▶ _PROVIDED RECORDS_:
----

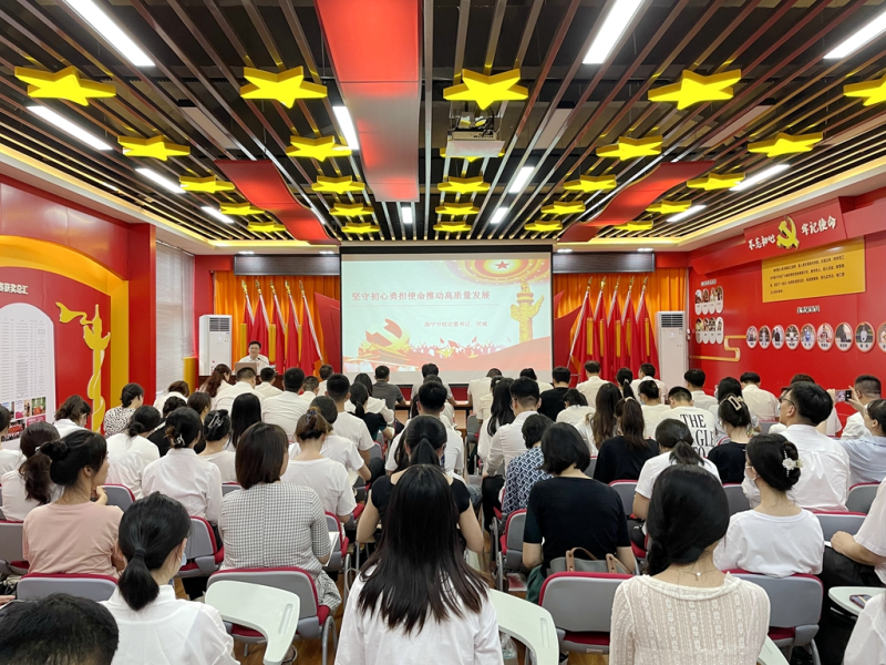 何斌书记分别从“党员干部要勇挑责任”“什么是一个共产党员的担当”“如何勇挑责任、敢于担当”三个方面向参会党员同志讲解了“坚守初心、勇担使命,推动高质量发展”的真正含义。他指出,勇于责任担当要有矢志不渝的政治情怀,要有攻坚克难的无畏气魄,要有为人民服务之心,党员干部要敢于较真碰硬、勇于责任担当、尽心竭力、善作善成,才能实现伟大梦想。
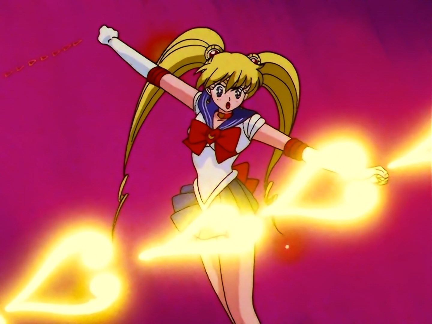 Crescent Beam! (クレッセント・ビーム!) - atak Sailor Venus, wysyła w kierunku żółty promień. Używany w odcinkach 33 (użyty 2 razy), 35, 37, 40 (połączony z Supreme Thunder), 42-43 (w 43 połączony z Supreme Thunder), 45, 48-50 (w 48 łączony z Fire Soul), 52-53 (w 52 użyty 2 razy), 86, 124, w filmach R i S.
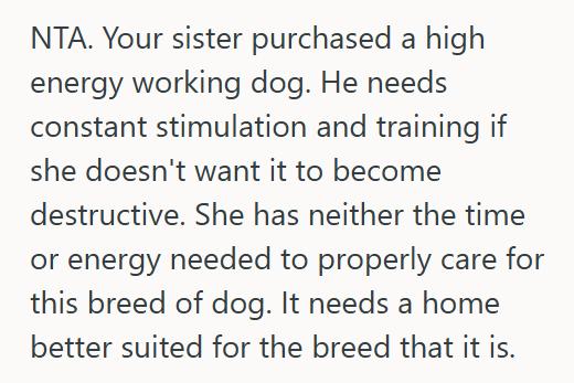 Here’s someone who gives the perfect reasoning for why they shouldn’t keep the dog.
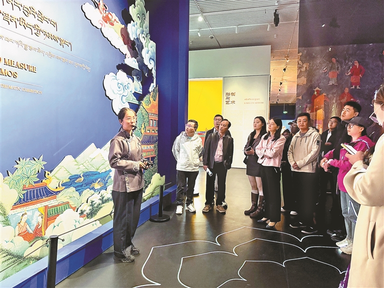 近日,西藏博物馆举办2025年“博物馆致敬教师”活动。教师代表们在专业讲解员带领下参观了《祥开万象——故宫与西藏文物联展》和《如意度量 五彩意境——西藏唐卡艺术主题展勉唐篇》,并参加馆校共建交流会。据悉,长期以来,西藏博物馆坚持推进馆校融合,通过流动展览、教育项目和文化课程,把文物资源送进校园,让师生近距离触摸历史。未来,西藏博物馆还将继续探索“博物馆+教育”新路径,让博物馆成为学校“第二课堂”,让校园成为文化传承的“延伸展厅”。图为教师代表们在西藏博物馆参观。本报记者 明吉 见习记者 冯琳琳 摄
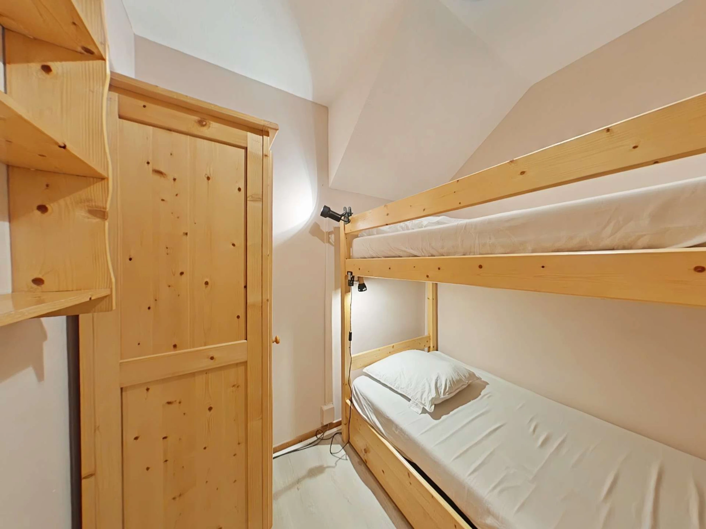 Cet appartement de vacances,situé au 3ème étage avec ascenseur, comprend un séjour avec canapé convertible deux places, télévision, séjour donnant sur un balcon Est, un coin cuisine équipé avec un lave-vaisselle, une cabine avec deux lits superposés, une mezzanine avec un lit deux places (en 160 cm), une salle de bain et un WC indépendant.
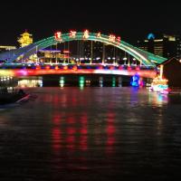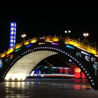 运河唐人街不夜城位于唐山市丰南区,占地面积很大,当地人称之为北方的秦淮河。这是一座后修建的免费开放式景点,依运河而建,确实是有一些仿秦淮河的风格建造但总感觉还是差了许多,加之冬天北方的寒冷天气使其略显人气不旺。但总体来说在北方能有这么一处景
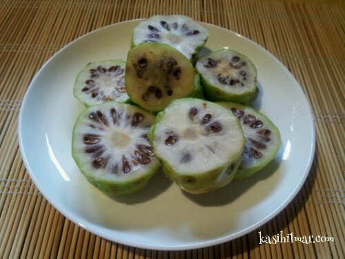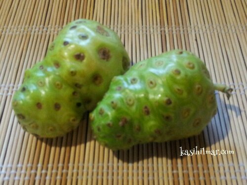 2) 2 biji buah mengkudu yang muda. Dihiris tanpa buang kulit.
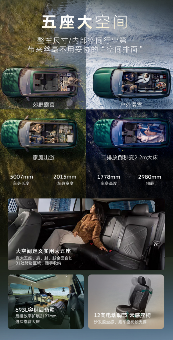 空间发扬是全新揽巡的中枢竞争力之一。依托超长轴距与超宽车体,新车打造出广大酣畅的大五座布局,后排腿部与横向空间充裕,乘坐无压抑感;693L超大后备箱相沿座椅比例放倒与底板高下治愈,空间天真拓展,可纵欲容纳露营装备、行李箱、儿童推车等物品;中控台下方、门板内侧、后备箱等处配备多处东谈主性化储物空间,骄贵小家庭浅近收纳需求,开云官方体育app兼顾酣畅与实用。
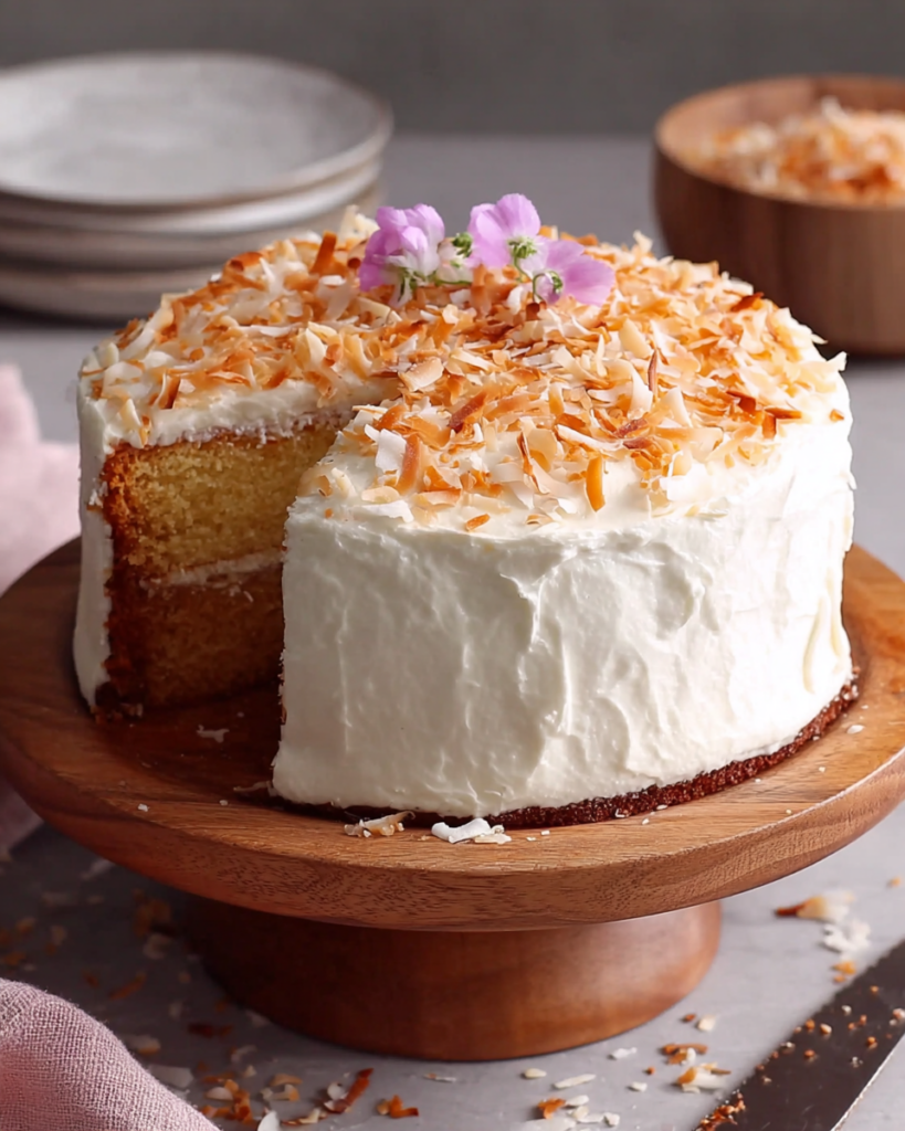 Toasted coconut flakes add texture and a slightly nutty contrast that makes the final cake feel complete.
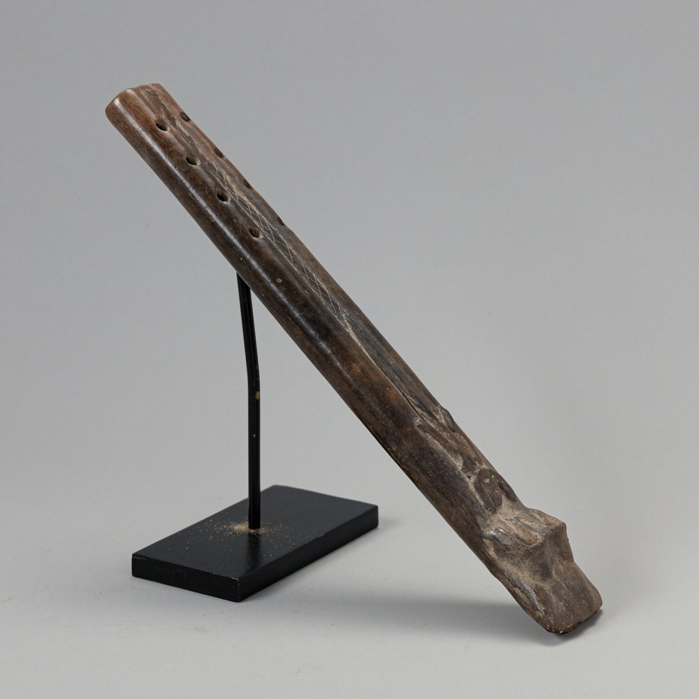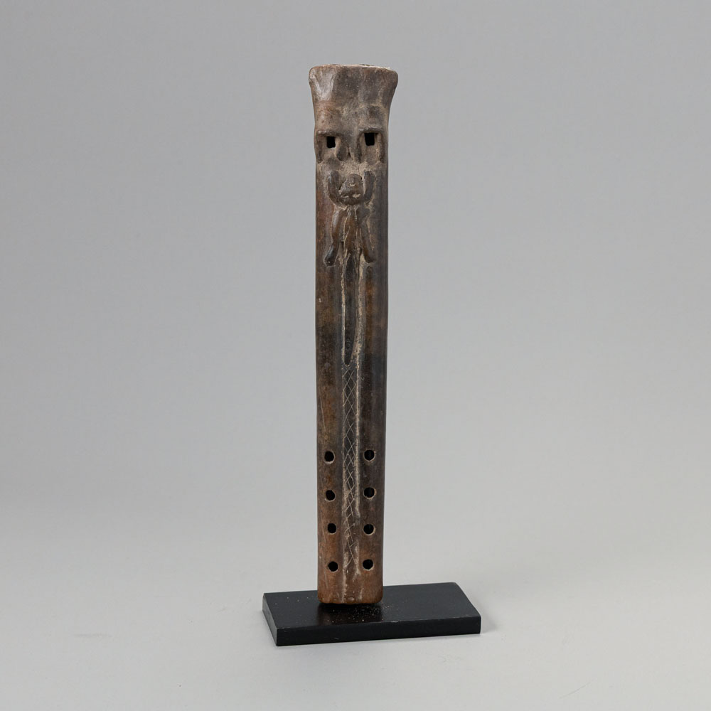 Dimensions: The Colima Ceramic Double Flute is an impressive artifact from the Colima culture of West Mexico. Made of ceramic, it features intricate designs and a dual-chamber construction that produces a rich sound, emphasizing the importance of music in ceremonial contexts.
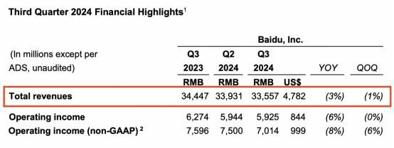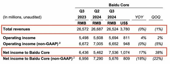 财报显示,百度2024年第三季度营收为335.57亿元,去年同期为344.47亿元;核心营收为265.24亿元,去年同期为265.72亿元;归属百度核心的净利润为75.36亿元,去年同期为64.36亿元。
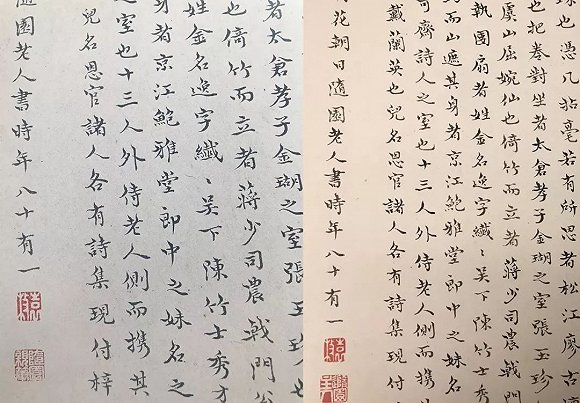 佳士得卷(左)与上博卷(右)袁枚、戴兰英及恩官
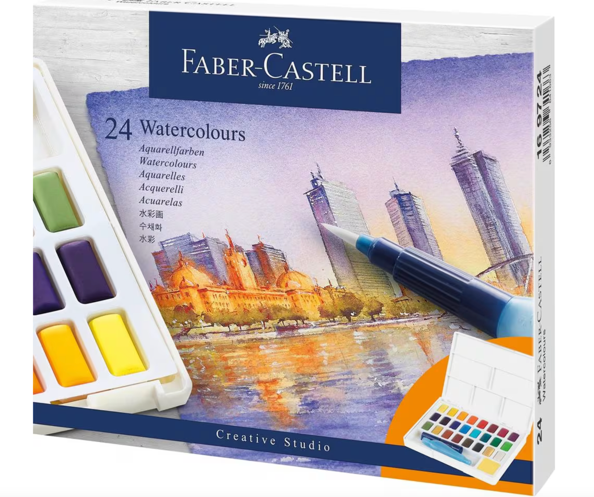• Set bevat 24 kleuren waterverf, Faber-Castell kleurennummers: 104, 108, 109, 113, 126, 133, 226, 284, 138, 120, 285, 145, 154, 158, 264, 166, 170, 183, 190, 188, 280, 199, 250 en 301.
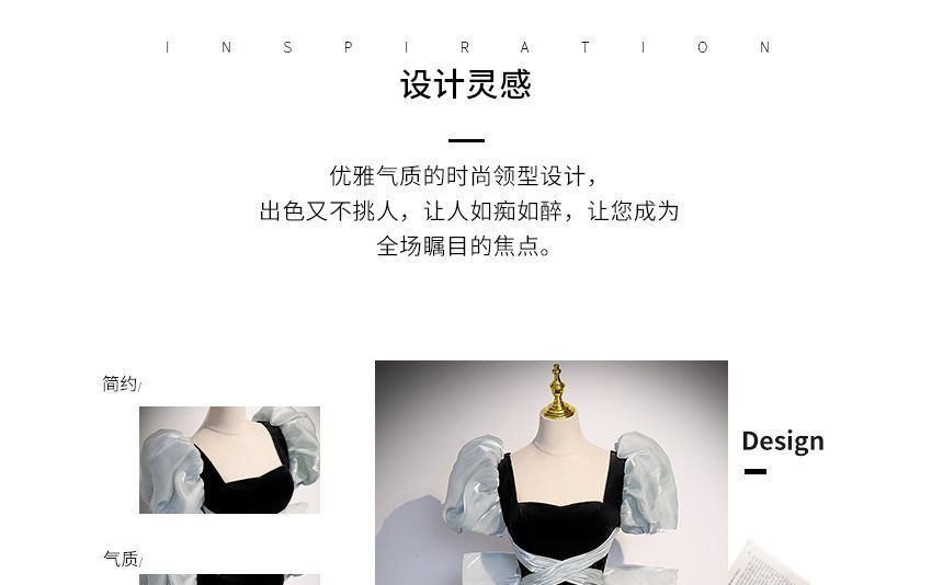 Puff-Sleeve Square Neck Two Tone Bow Back Mermaid Evening Gown

----

▶ _WHAT TO DO_:
With the pictures removed from your copy, retype the lines above from the one that contains "Here’s someone who" through the one that contains "250 en 301.", exactly.

▶ _OUTPUT_:
 Here’s someone who gives the perfect reasoning for why they shouldn’t keep the dog.
 近日,西藏博物馆举办2025年“博物馆致敬教师”活动。教师代表们在专业讲解员带领下参观了《祥开万象——故宫与西藏文物联展》和《如意度量 五彩意境——西藏唐卡艺术主题展勉唐篇》,并参加馆校共建交流会。据悉,长期以来,西藏博物馆坚持推进馆校融合,通过流动展览、教育项目和文化课程,把文物资源送进校园,让师生近距离触摸历史。未来,西藏博物馆还将继续探索“博物馆+教育”新路径,让博物馆成为学校“第二课堂”,让校园成为文化传承的“延伸展厅”。图为教师代表们在西藏博物馆参观。本报记者 明吉 见习记者 冯琳琳 摄
 Cet appartement de vacances,situé au 3ème étage avec ascenseur, comprend un séjour avec canapé convertible deux places, télévision, séjour donnant sur un balcon Est, un coin cuisine équipé avec un lave-vaisselle, une cabine avec deux lits superposés, une mezzanine avec un lit deux places (en 160 cm), une salle de bain et un WC indépendant.
 运河唐人街不夜城位于唐山市丰南区,占地面积很大,当地人称之为北方的秦淮河。这是一座后修建的免费开放式景点,依运河而建,确实是有一些仿秦淮河的风格建造但总感觉还是差了许多,加之冬天北方的寒冷天气使其略显人气不旺。但总体来说在北方能有这么一处景
 2) 2 biji buah mengkudu yang muda. Dihiris tanpa buang kulit.
 空间发扬是全新揽巡的中枢竞争力之一。依托超长轴距与超宽车体,新车打造出广大酣畅的大五座布局,后排腿部与横向空间充裕,乘坐无压抑感;693L超大后备箱相沿座椅比例放倒与底板高下治愈,空间天真拓展,可纵欲容纳露营装备、行李箱、儿童推车等物品;中控台下方、门板内侧、后备箱等处配备多处东谈主性化储物空间,骄贵小家庭浅近收纳需求,开云官方体育app兼顾酣畅与实用。
 Toasted coconut flakes add texture and a slightly nutty contrast that makes the final cake feel complete.
 Dimensions: The Colima Ceramic Double Flute is an impressive artifact from the Colima culture of West Mexico. Made of ceramic, it features intricate designs and a dual-chamber construction that produces a rich sound, emphasizing the importance of music in ceremonial contexts.
 财报显示,百度2024年第三季度营收为335.57亿元,去年同期为344.47亿元;核心营收为265.24亿元,去年同期为265.72亿元;归属百度核心的净利润为75.36亿元,去年同期为64.36亿元。
 佳士得卷(左)与上博卷(右)袁枚、戴兰英及恩官
• Set bevat 24 kleuren waterverf, Faber-Castell kleurennummers: 104, 108, 109, 113, 126, 133, 226, 284, 138, 120, 285, 145, 154, 158, 264, 166, 170, 183, 190, 188, 280, 199, 250 en 301.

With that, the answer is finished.